Description of the task
Please print exactly the lines from the line containing "durante o corte." through the end of the data, no more, and keep pictures out of the copy.

Supplied information
↓↓↓

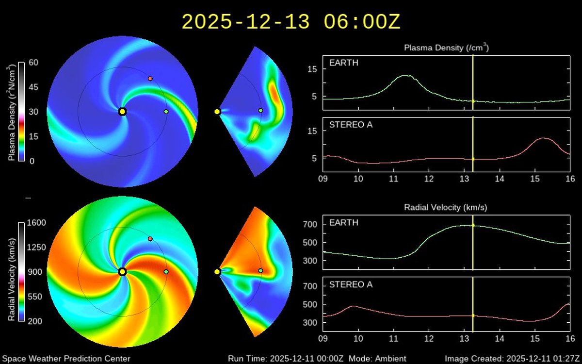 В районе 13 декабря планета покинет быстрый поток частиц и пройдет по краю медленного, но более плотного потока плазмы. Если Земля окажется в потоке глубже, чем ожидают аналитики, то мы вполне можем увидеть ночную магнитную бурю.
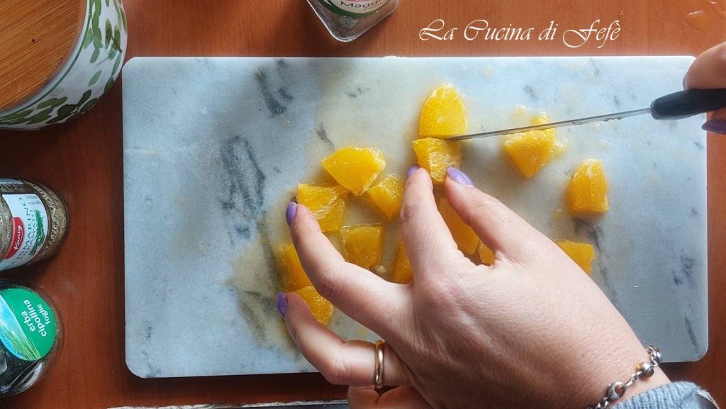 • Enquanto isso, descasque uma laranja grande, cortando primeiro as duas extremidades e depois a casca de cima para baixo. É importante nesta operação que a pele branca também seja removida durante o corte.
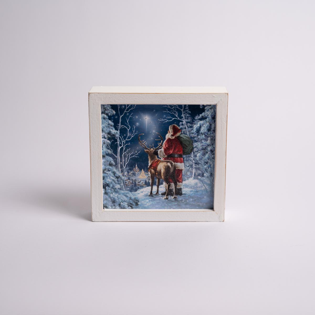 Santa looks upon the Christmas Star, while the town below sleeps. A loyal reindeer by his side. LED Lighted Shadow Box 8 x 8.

↑↑↑

Exercise answer
 • Enquanto isso, descasque uma laranja grande, cortando primeiro as duas extremidades e depois a casca de cima para baixo. É importante nesta operação que a pele branca também seja removida durante o corte.
 Santa looks upon the Christmas Star, while the town below sleeps. A loyal reindeer by his side. LED Lighted Shadow Box 8 x 8.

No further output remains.